Ce qu'il faut organiser en interne
- Désigner un interlocuteur unique dans l'entreprise
- Informer immédiatement l'expert-comptable et, le cas échéant, l'avocat fiscaliste
- Conserver copie de tout document remis, avec la date de remise
- Répondre par écrit aux questions de fond, même posées oralement
- Ne pas laisser un collaborateur non préparé répondre à des questions techniques
Les durées
Pour les petites entreprises dont le chiffre d'affaires reste sous certains seuils, la durée de la vérification sur place est limitée à trois mois. Cette limitation ne s'applique pas lorsque la comptabilité présente de graves irrégularités.
Le droit de reprise de l'administration porte, en matière d'impôt sur les sociétés et de TVA, sur les trois années précédentes, avec des exceptions allongeant ce délai dans certaines situations, notamment en cas d'activité occulte.
La proposition de rectification
À l'issue du contrôle, l'administration notifie soit un avis d'absence de rectification, soit une proposition de rectification motivée, exposant les redressements envisagés, leur fondement juridique et leur montant.
L'entreprise dispose alors d'un délai de trente jours pour répondre, prorogeable de trente jours sur simple demande. Ce délai supplémentaire est de droit : il n'y a aucune raison de s'en priver.
Les voies de recours
- La réponse écrite aux rectifications, argumentée point par point
- Le recours hiérarchique auprès du supérieur du vérificateur, puis de l'interlocuteur départemental
- La saisine de la commission compétente pour les questions de fait
- La réclamation contentieuse après mise en recouvrement
- La saisine du tribunal administratif en dernier ressort
Ces recours sont successifs et gratuits pour les premiers d'entre eux. Beaucoup de dossiers se règlent au stade du recours hiérarchique, sans procédure contentieuse.

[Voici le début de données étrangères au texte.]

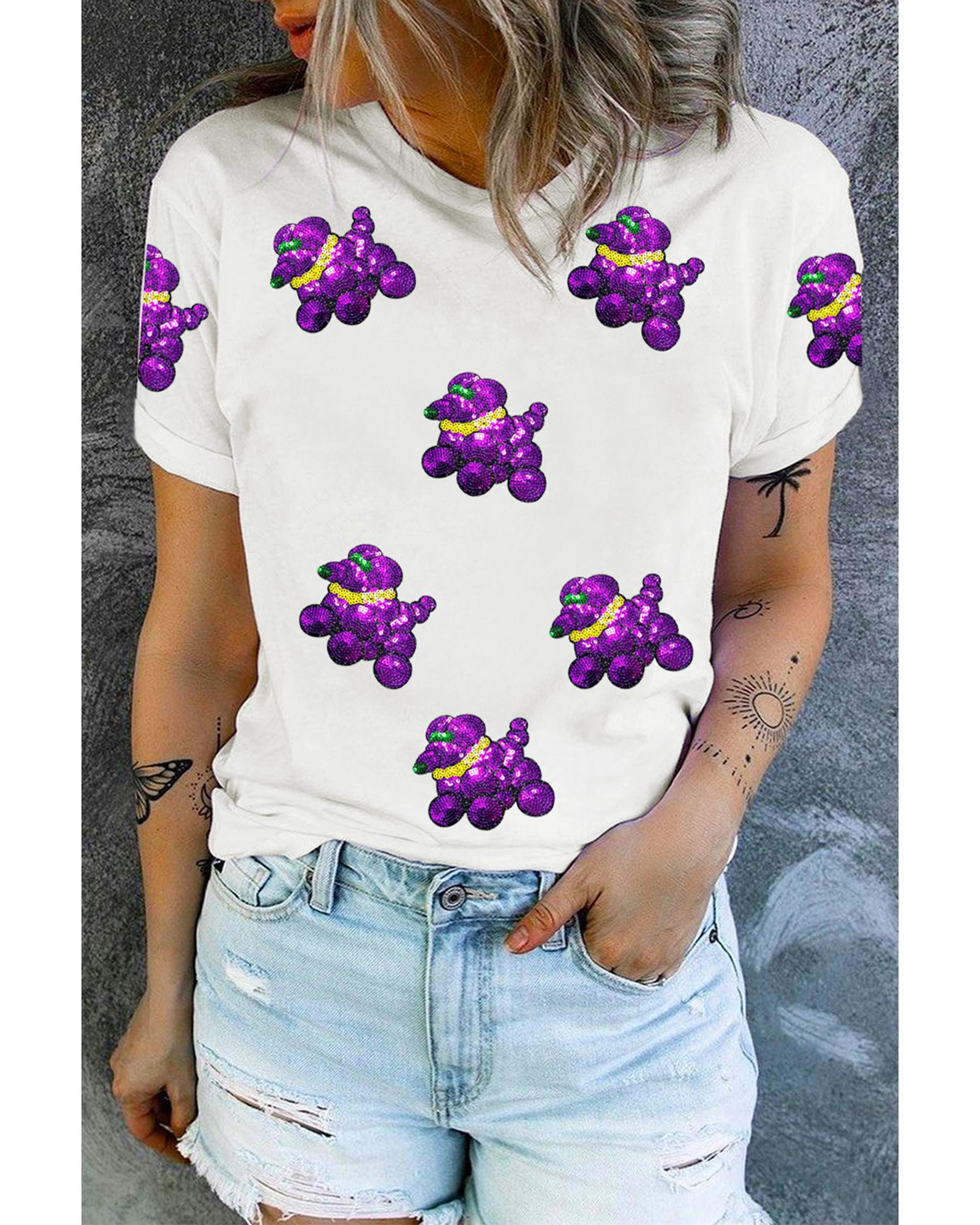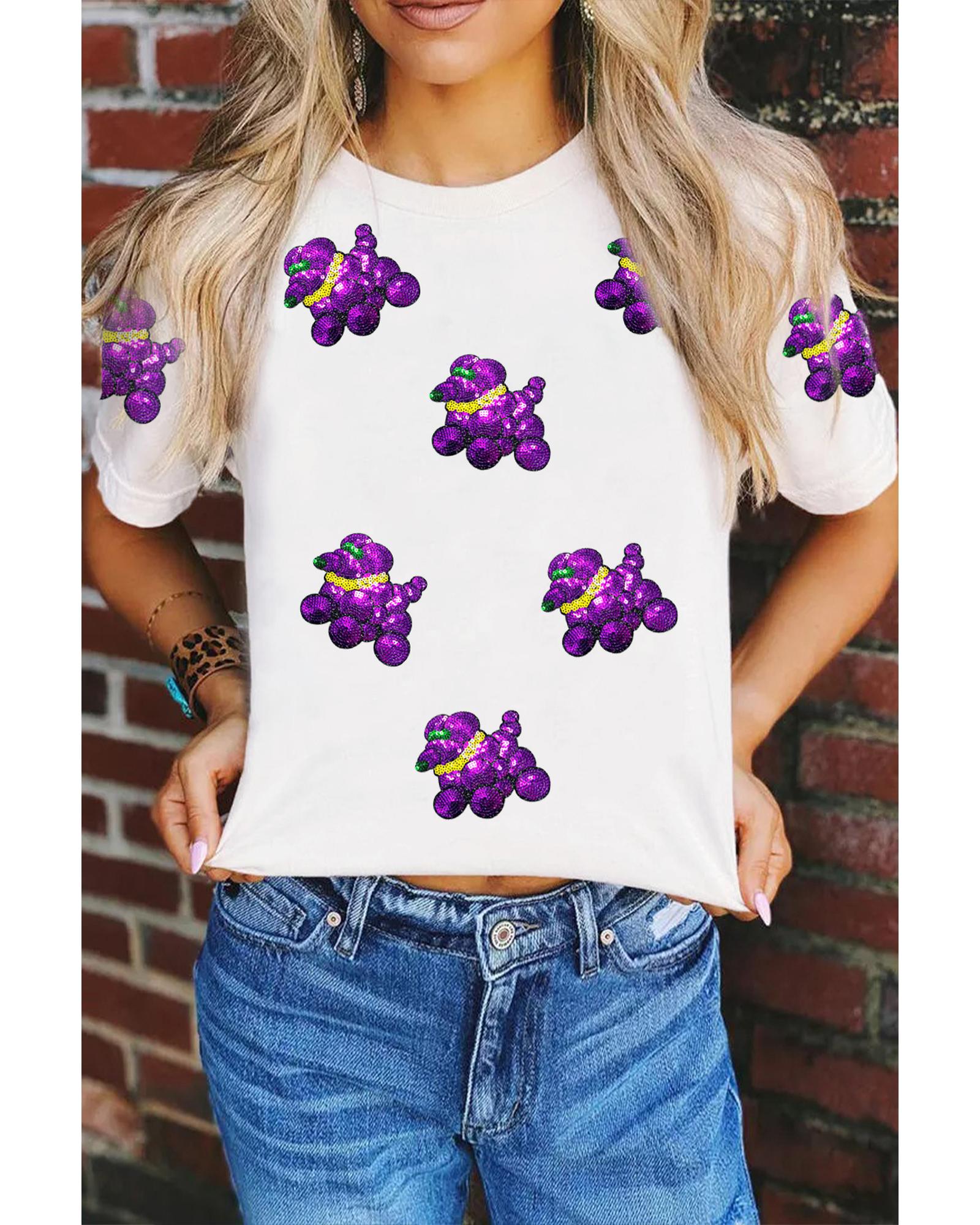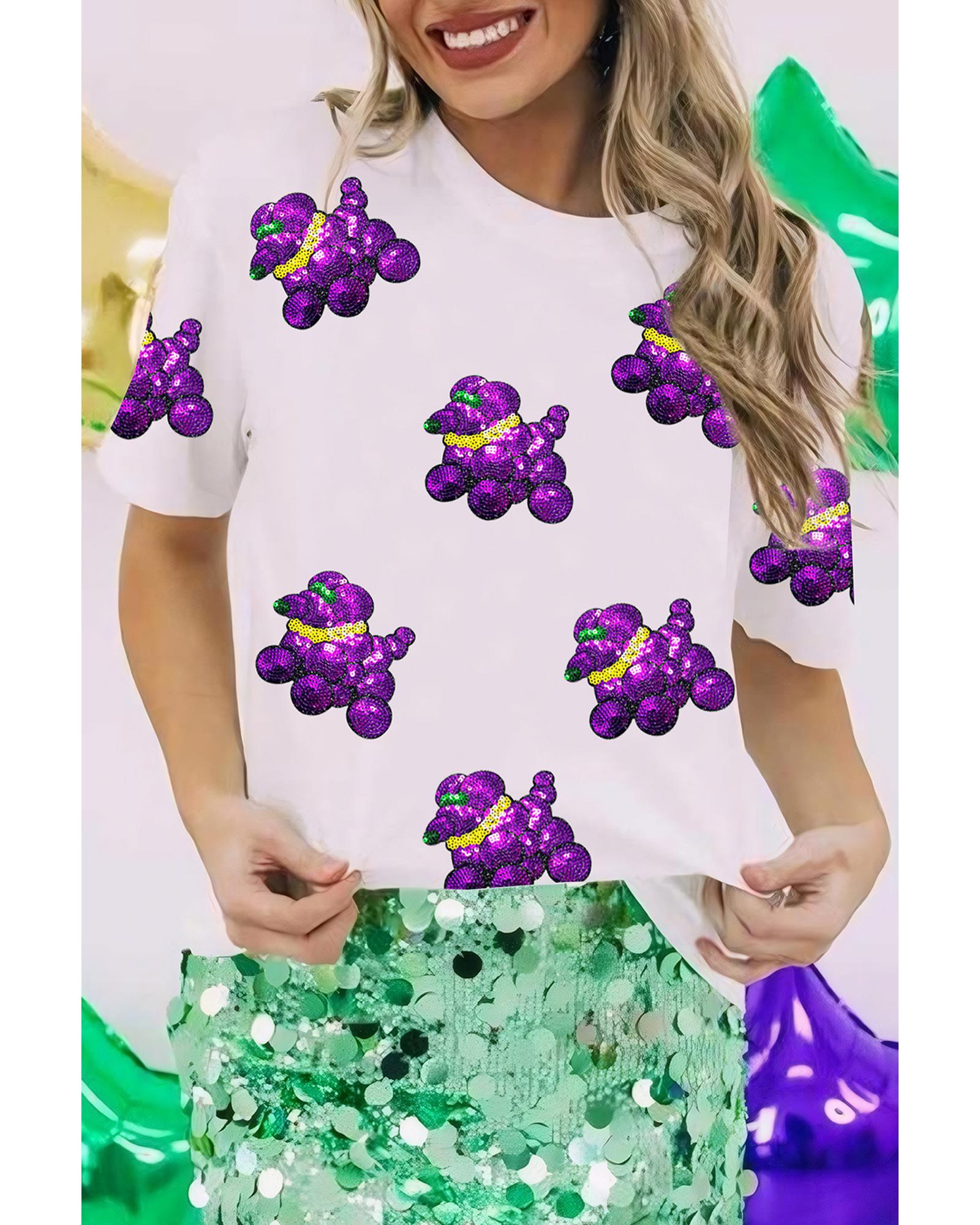 White Sequin Balloon Puppy Graphic Mardi Gras Tee – M

Les réflexes utiles et ceux qui coûtent
Les réflexes coûteux sont toujours les mêmes : improviser des explications orales, produire des documents reconstitués, et accepter un redressement pour en finir sans en mesurer les conséquences sur les exercices suivants.
Un redressement accepté sur un point de méthode se reproduira sur les exercices non prescrits et sur ceux à venir. C'est pourquoi l'enjeu réel d'un contrôle dépasse souvent le montant immédiatement en jeu.
Questions fréquentes
Peut-on refuser un contrôle ?
Non. L'opposition à contrôle fiscal est lourdement sanctionnée et conduit à une évaluation d'office. En revanche, le contribuable peut demander un report de la première intervention pour un motif légitime.

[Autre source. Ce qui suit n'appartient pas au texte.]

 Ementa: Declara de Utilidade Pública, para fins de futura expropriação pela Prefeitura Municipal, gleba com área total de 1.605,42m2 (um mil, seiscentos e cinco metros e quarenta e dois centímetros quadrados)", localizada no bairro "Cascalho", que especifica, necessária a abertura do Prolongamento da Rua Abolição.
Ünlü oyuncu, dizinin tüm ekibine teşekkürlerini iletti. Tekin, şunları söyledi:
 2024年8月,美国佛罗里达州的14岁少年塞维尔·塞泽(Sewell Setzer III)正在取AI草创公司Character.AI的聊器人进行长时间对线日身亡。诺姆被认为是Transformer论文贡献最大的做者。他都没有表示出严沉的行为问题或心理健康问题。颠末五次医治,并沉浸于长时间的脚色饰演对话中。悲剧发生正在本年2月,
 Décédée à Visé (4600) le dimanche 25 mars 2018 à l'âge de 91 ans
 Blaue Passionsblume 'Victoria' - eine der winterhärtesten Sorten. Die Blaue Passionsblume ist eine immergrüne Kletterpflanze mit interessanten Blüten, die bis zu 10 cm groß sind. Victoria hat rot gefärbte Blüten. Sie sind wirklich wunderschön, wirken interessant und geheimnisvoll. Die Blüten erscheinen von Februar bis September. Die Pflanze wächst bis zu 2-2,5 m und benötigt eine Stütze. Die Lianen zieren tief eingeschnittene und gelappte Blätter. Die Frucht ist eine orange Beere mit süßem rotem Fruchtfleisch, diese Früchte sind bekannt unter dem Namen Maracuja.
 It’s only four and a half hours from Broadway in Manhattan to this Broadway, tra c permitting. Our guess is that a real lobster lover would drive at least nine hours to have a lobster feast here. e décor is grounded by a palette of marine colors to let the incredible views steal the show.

Faut-il être assisté par un conseil ?
C'est vivement recommandé, et l'avis de vérification rappelle expressément ce droit. L'expert-comptable connaît le dossier, l'avocat fiscaliste connaît la procédure : sur un contrôle significatif, les deux interventions sont complémentaires.

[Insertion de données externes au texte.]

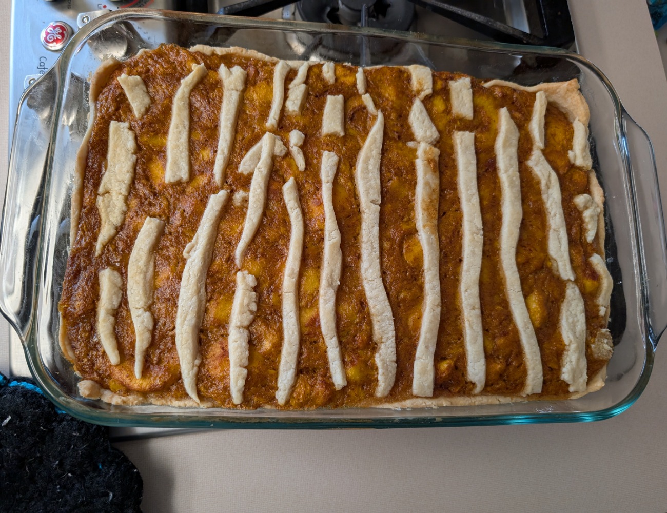 It's not the most beautiful but I had to be quick... Here's my first peach cobbler from my peach tree!
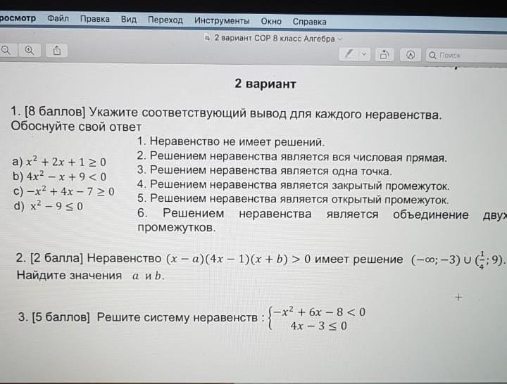 a) x^2+2x+1>0 b) 4x^2-x+9<0
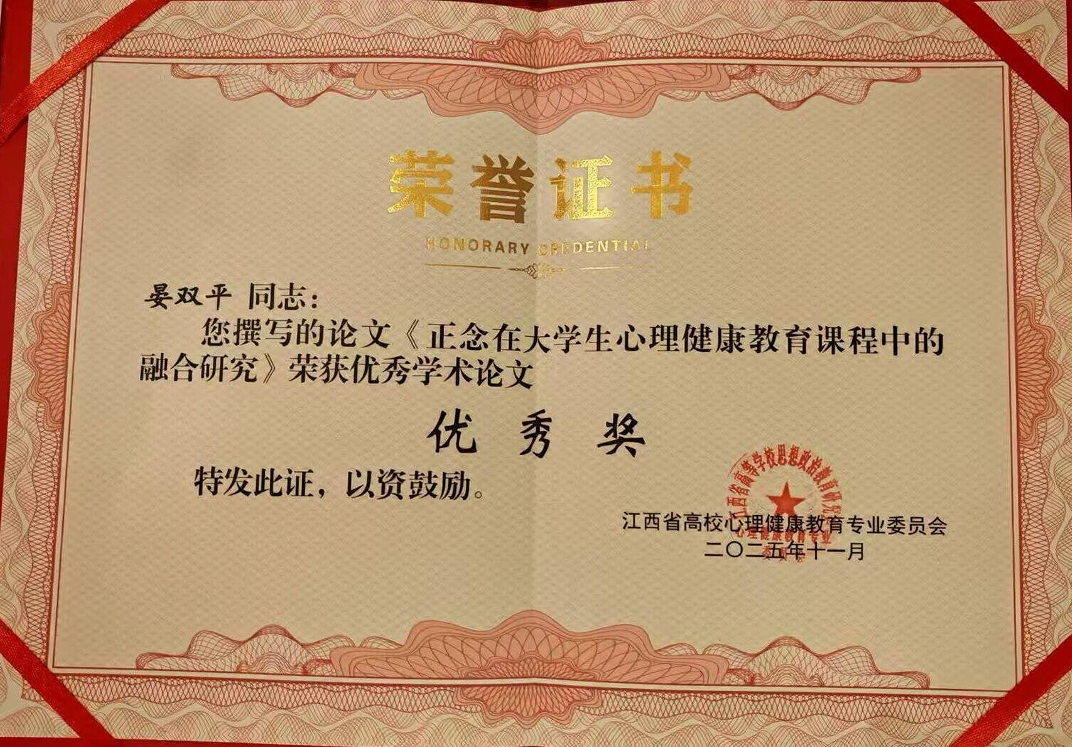 晏雙平老師撰寫的論文《正念在大學(xué)生心理健康教育課程中的融合研究》榮獲優(yōu)秀學(xué)術(shù)論文“優(yōu)秀獎(jiǎng)”。該論文深入探討了正念在大學(xué)生心理健康教育課程中的應(yīng)用與融合,為心理健康教育課程的教學(xué)改革和創(chuàng)新提供了新的思路和方法,具有較高的理論價(jià)值和實(shí)踐指導(dǎo)意義。
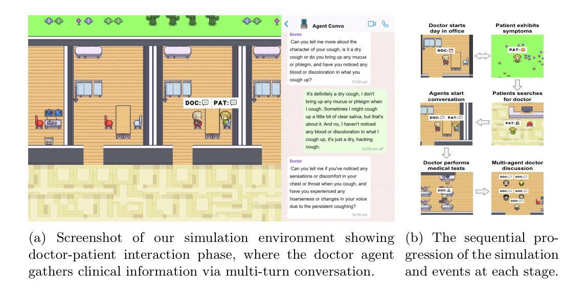- MedAgentSim要求医生代理通过多轮对话与患者互动,并请求医学检查和影像结果。
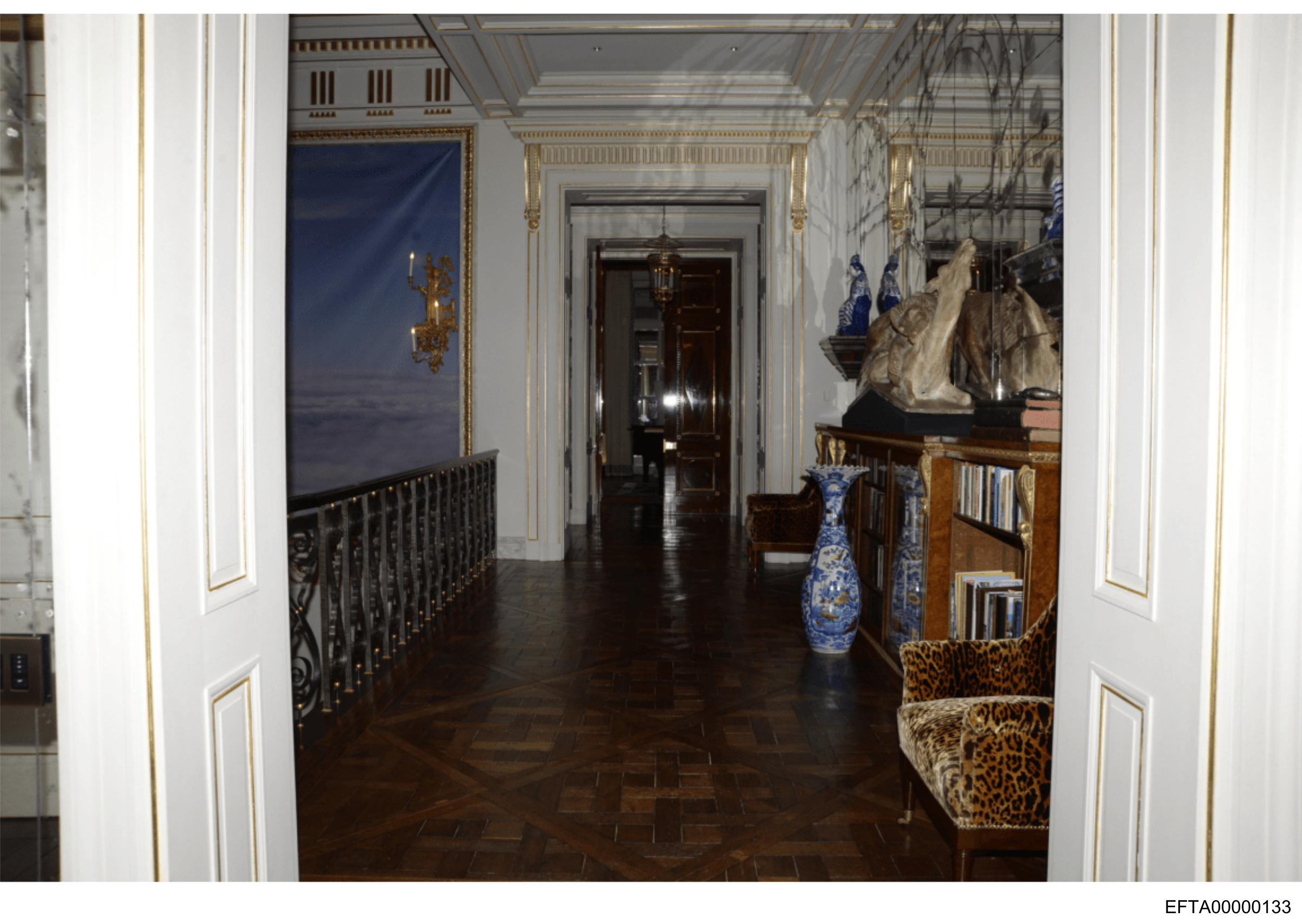 The image is a photograph of an interior space that appears to be a hallway or corridor. The walls are adorned with intricate moldings and frames, giving the space a classic and formal aesthetic. There's a large painting hanging above what seems to be a doorway at the end of the hall. The floor has a patterned design and is polished, reflecting some of the light in the room. To the right, there is a partial view of a seating arrangement with plush cushions, suggesting a comfortable seating area within this formal space. No people are visible in the image. The photograph has a watermark or logo at the bottom that reads "ETX 2019," indicating the possible source or photographer associated with the image.

Quelle différence entre contrôle sur pièces et vérification ?
Le contrôle sur pièces s'effectue depuis le bureau, à partir des déclarations, et peut aboutir à une demande de renseignements. La vérification de comptabilité est un examen sur place des documents comptables, avec des garanties procédurales renforcées.
Que se passe-t-il si l'on n'est pas d'accord avec le montant final ?
La mise en recouvrement peut être contestée par une réclamation contentieuse, éventuellement assortie d'une demande de sursis de paiement, qui suspend le recouvrement moyennant des garanties au-delà d'un certain montant.
Comment se préparer avant tout contrôle ?
En tenant à jour trois choses : un FEC conforme testé chaque année, un dossier de révision justifiant chaque solde de bilan, et le tableau de passage entre le chiffre d'affaires comptable et les bases de TVA déclarées.
Ce qu'il faut retenir
Une procédure encadrée, des garanties réelles, des délais à utiliser intégralement. Un FEC conforme et un dossier de révision à jour transforment un contrôle en formalité. Et aucune réponse improvisée : tout ce qui touche au fond se traite par écrit, avec un conseil.